Records drawn from a dataset

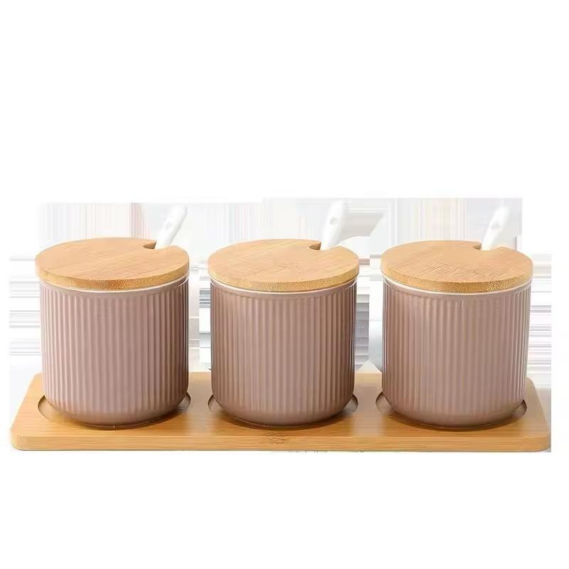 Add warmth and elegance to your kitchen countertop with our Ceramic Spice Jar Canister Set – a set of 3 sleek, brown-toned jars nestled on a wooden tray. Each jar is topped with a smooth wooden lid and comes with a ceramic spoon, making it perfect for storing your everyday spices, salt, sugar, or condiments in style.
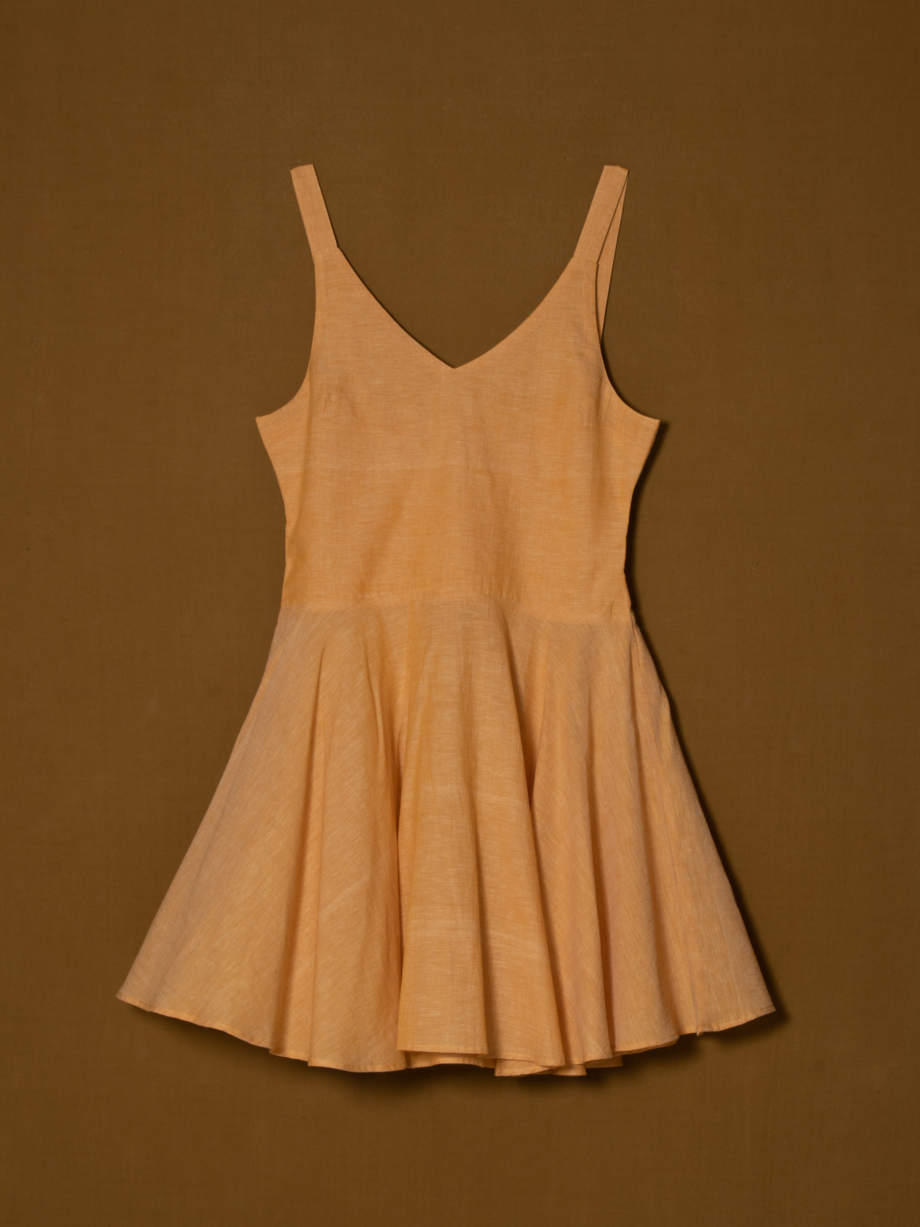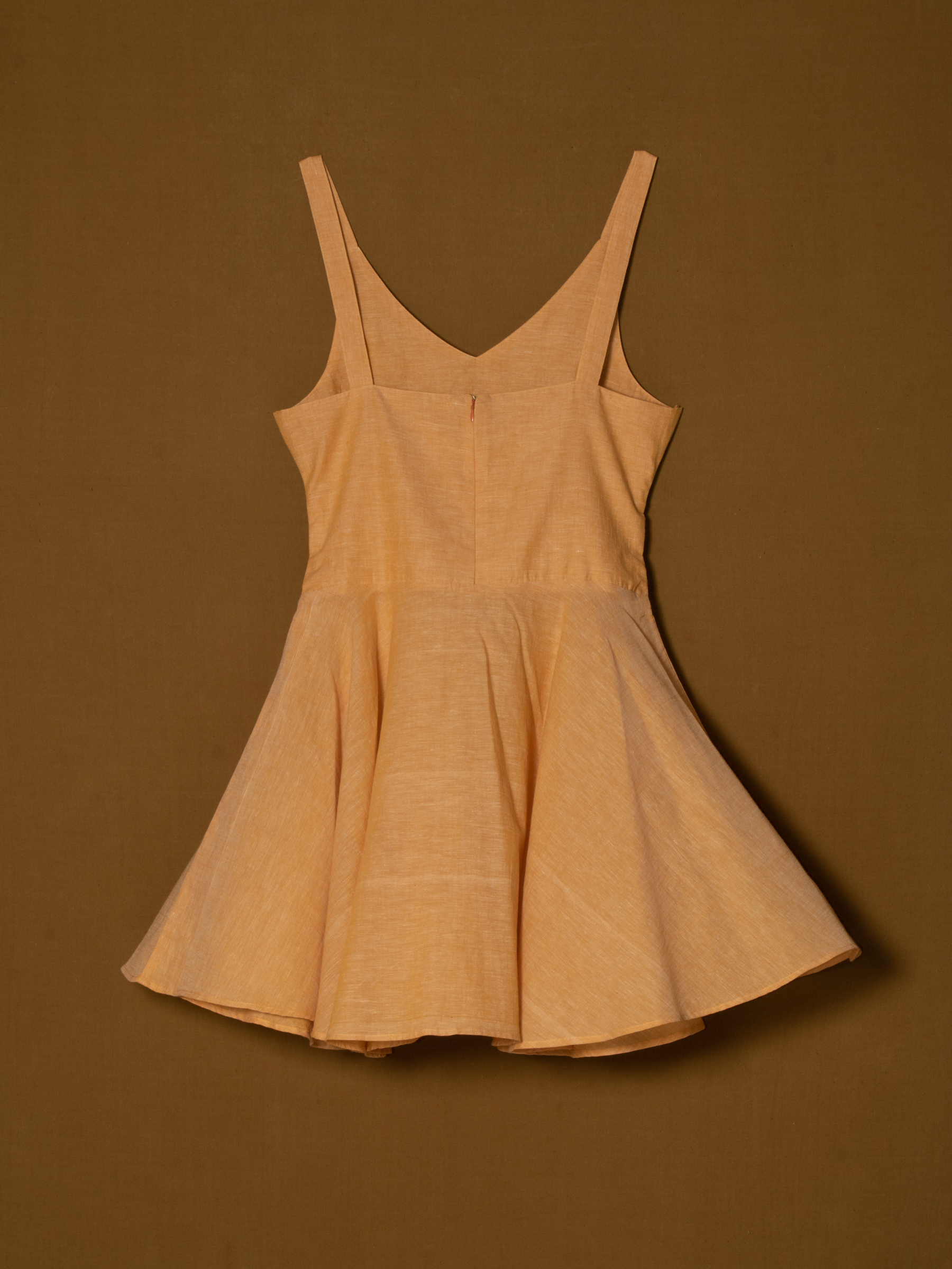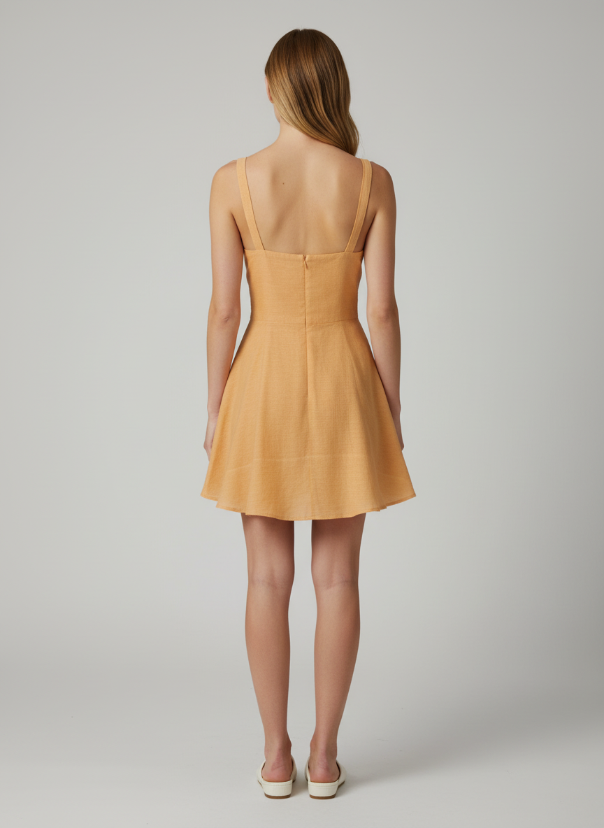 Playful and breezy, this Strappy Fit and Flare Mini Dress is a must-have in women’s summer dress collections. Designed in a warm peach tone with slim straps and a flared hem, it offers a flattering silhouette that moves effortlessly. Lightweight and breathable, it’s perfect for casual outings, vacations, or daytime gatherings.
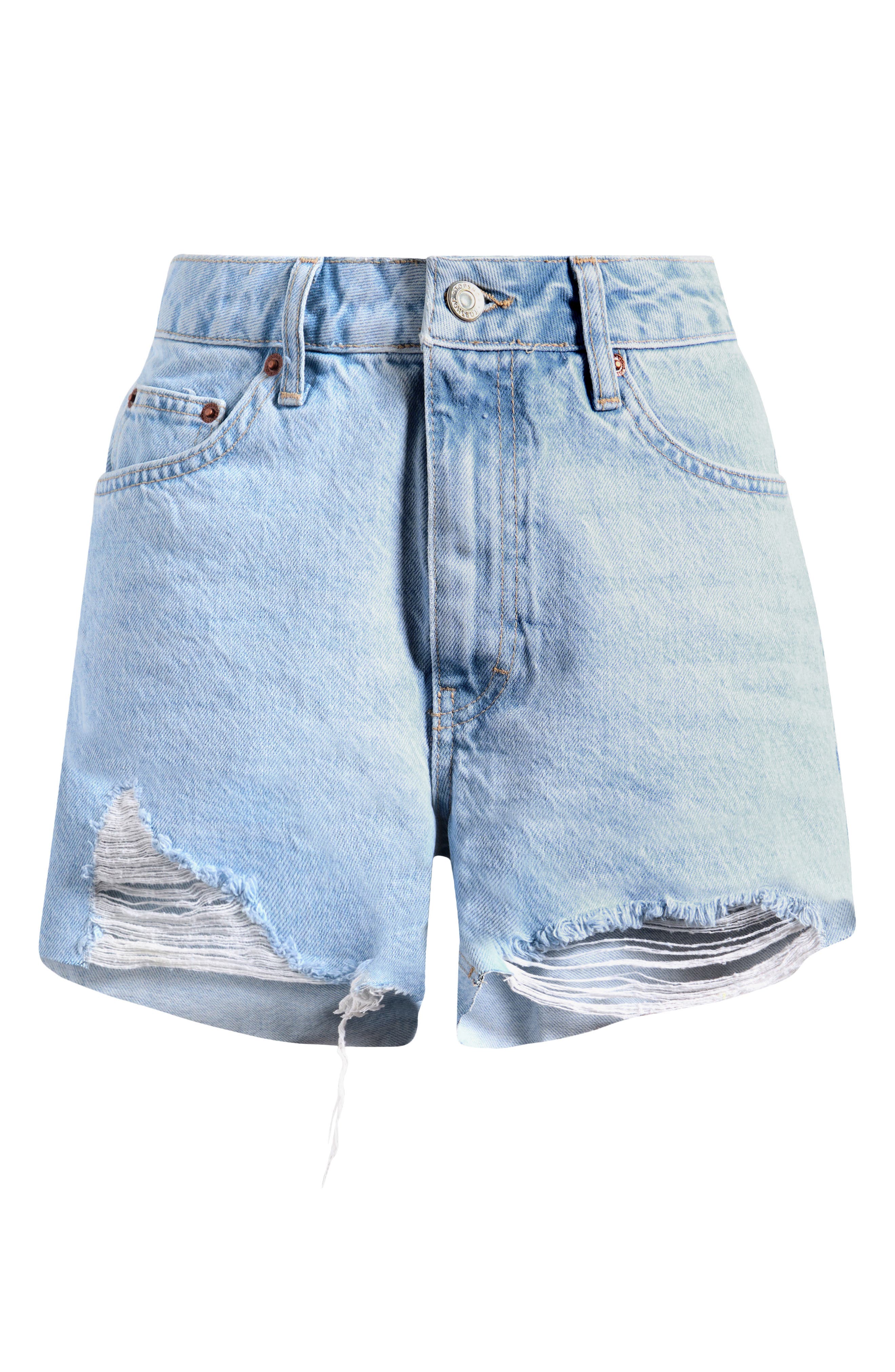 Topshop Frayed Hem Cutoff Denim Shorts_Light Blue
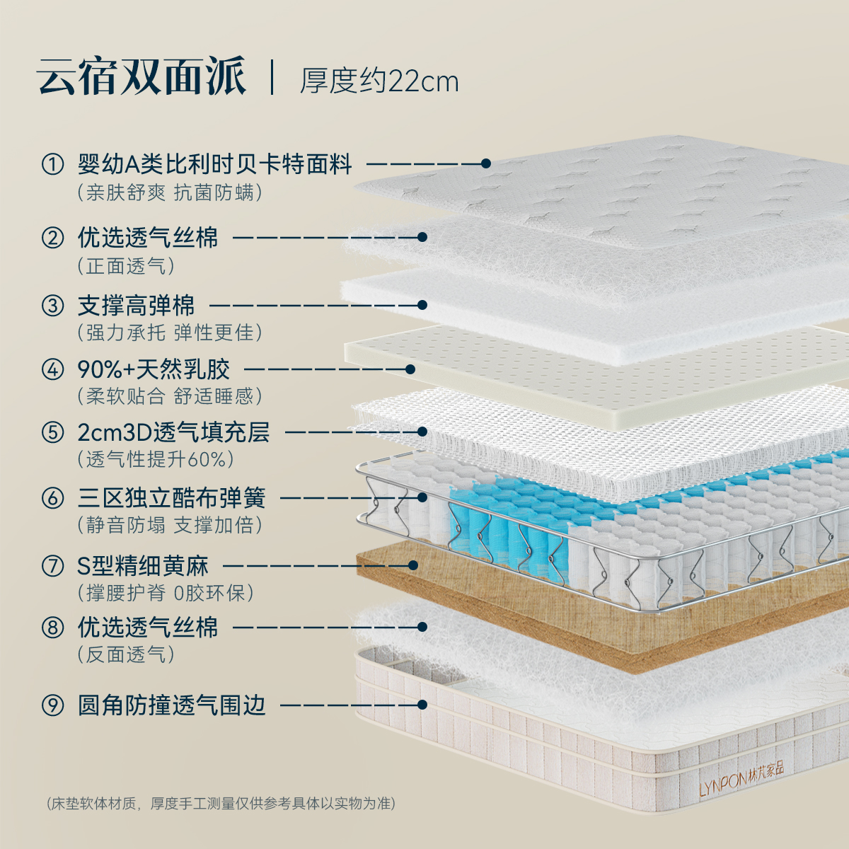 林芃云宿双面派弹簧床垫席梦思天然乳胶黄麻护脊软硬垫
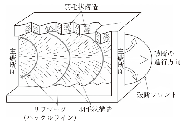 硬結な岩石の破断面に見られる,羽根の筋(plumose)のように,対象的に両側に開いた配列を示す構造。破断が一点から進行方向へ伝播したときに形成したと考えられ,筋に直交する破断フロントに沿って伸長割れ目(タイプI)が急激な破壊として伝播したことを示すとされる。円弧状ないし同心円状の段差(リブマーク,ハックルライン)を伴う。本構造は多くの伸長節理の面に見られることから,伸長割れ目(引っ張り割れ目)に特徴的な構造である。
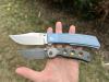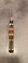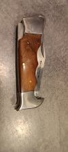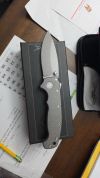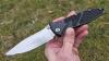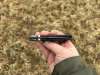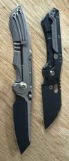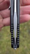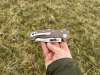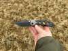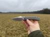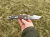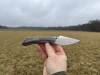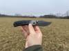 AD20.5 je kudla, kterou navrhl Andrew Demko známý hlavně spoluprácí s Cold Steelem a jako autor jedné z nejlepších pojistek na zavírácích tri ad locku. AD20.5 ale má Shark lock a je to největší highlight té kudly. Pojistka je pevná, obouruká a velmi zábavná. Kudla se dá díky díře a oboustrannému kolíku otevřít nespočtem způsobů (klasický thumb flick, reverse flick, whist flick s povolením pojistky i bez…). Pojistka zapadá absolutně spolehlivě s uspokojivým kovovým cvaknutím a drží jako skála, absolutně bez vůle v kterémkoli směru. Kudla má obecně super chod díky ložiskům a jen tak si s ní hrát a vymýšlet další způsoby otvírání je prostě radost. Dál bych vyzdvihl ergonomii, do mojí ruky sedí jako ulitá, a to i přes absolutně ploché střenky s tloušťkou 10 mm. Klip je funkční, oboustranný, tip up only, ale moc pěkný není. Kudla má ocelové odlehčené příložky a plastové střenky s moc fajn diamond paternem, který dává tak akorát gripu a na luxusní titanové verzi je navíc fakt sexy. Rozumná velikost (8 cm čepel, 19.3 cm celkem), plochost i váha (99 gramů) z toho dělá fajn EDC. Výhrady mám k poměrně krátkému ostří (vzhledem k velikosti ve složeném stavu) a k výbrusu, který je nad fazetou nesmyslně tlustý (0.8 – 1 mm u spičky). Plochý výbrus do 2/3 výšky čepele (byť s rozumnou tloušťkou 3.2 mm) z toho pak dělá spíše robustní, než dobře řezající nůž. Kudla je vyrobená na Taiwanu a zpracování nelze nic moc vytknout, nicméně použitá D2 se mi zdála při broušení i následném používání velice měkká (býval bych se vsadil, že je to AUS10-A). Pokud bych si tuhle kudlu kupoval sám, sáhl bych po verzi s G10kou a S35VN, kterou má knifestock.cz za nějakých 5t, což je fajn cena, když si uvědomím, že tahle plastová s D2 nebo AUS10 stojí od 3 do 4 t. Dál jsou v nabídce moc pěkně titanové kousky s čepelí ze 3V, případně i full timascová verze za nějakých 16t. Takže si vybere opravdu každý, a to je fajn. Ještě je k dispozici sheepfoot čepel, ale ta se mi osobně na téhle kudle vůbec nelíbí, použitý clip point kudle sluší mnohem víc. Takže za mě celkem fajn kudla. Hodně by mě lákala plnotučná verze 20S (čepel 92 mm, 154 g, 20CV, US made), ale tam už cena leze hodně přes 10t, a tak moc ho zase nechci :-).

# [WHAT THE TASK REQUIRES]
Please retype the whole of the data precisely, omitting pictures.

# [EXPECTED OUTPUT]
 Add warmth and elegance to your kitchen countertop with our Ceramic Spice Jar Canister Set – a set of 3 sleek, brown-toned jars nestled on a wooden tray. Each jar is topped with a smooth wooden lid and comes with a ceramic spoon, making it perfect for storing your everyday spices, salt, sugar, or condiments in style.
 Playful and breezy, this Strappy Fit and Flare Mini Dress is a must-have in women’s summer dress collections. Designed in a warm peach tone with slim straps and a flared hem, it offers a flattering silhouette that moves effortlessly. Lightweight and breathable, it’s perfect for casual outings, vacations, or daytime gatherings.
 Topshop Frayed Hem Cutoff Denim Shorts_Light Blue
 林芃云宿双面派弹簧床垫席梦思天然乳胶黄麻护脊软硬垫
 硬結な岩石の破断面に見られる,羽根の筋(plumose)のように,対象的に両側に開いた配列を示す構造。破断が一点から進行方向へ伝播したときに形成したと考えられ,筋に直交する破断フロントに沿って伸長割れ目(タイプI)が急激な破壊として伝播したことを示すとされる。円弧状ないし同心円状の段差(リブマーク,ハックルライン)を伴う。本構造は多くの伸長節理の面に見られることから,伸長割れ目(引っ張り割れ目)に特徴的な構造である。
 AD20.5 je kudla, kterou navrhl Andrew Demko známý hlavně spoluprácí s Cold Steelem a jako autor jedné z nejlepších pojistek na zavírácích tri ad locku. AD20.5 ale má Shark lock a je to největší highlight té kudly. Pojistka je pevná, obouruká a velmi zábavná. Kudla se dá díky díře a oboustrannému kolíku otevřít nespočtem způsobů (klasický thumb flick, reverse flick, whist flick s povolením pojistky i bez…). Pojistka zapadá absolutně spolehlivě s uspokojivým kovovým cvaknutím a drží jako skála, absolutně bez vůle v kterémkoli směru. Kudla má obecně super chod díky ložiskům a jen tak si s ní hrát a vymýšlet další způsoby otvírání je prostě radost. Dál bych vyzdvihl ergonomii, do mojí ruky sedí jako ulitá, a to i přes absolutně ploché střenky s tloušťkou 10 mm. Klip je funkční, oboustranný, tip up only, ale moc pěkný není. Kudla má ocelové odlehčené příložky a plastové střenky s moc fajn diamond paternem, který dává tak akorát gripu a na luxusní titanové verzi je navíc fakt sexy. Rozumná velikost (8 cm čepel, 19.3 cm celkem), plochost i váha (99 gramů) z toho dělá fajn EDC. Výhrady mám k poměrně krátkému ostří (vzhledem k velikosti ve složeném stavu) a k výbrusu, který je nad fazetou nesmyslně tlustý (0.8 – 1 mm u spičky). Plochý výbrus do 2/3 výšky čepele (byť s rozumnou tloušťkou 3.2 mm) z toho pak dělá spíše robustní, než dobře řezající nůž. Kudla je vyrobená na Taiwanu a zpracování nelze nic moc vytknout, nicméně použitá D2 se mi zdála při broušení i následném používání velice měkká (býval bych se vsadil, že je to AUS10-A). Pokud bych si tuhle kudlu kupoval sám, sáhl bych po verzi s G10kou a S35VN, kterou má knifestock.cz za nějakých 5t, což je fajn cena, když si uvědomím, že tahle plastová s D2 nebo AUS10 stojí od 3 do 4 t. Dál jsou v nabídce moc pěkně titanové kousky s čepelí ze 3V, případně i full timascová verze za nějakých 16t. Takže si vybere opravdu každý, a to je fajn. Ještě je k dispozici sheepfoot čepel, ale ta se mi osobně na téhle kudle vůbec nelíbí, použitý clip point kudle sluší mnohem víc. Takže za mě celkem fajn kudla. Hodně by mě lákala plnotučná verze 20S (čepel 92 mm, 154 g, 20CV, US made), ale tam už cena leze hodně přes 10t, a tak moc ho zase nechci :-).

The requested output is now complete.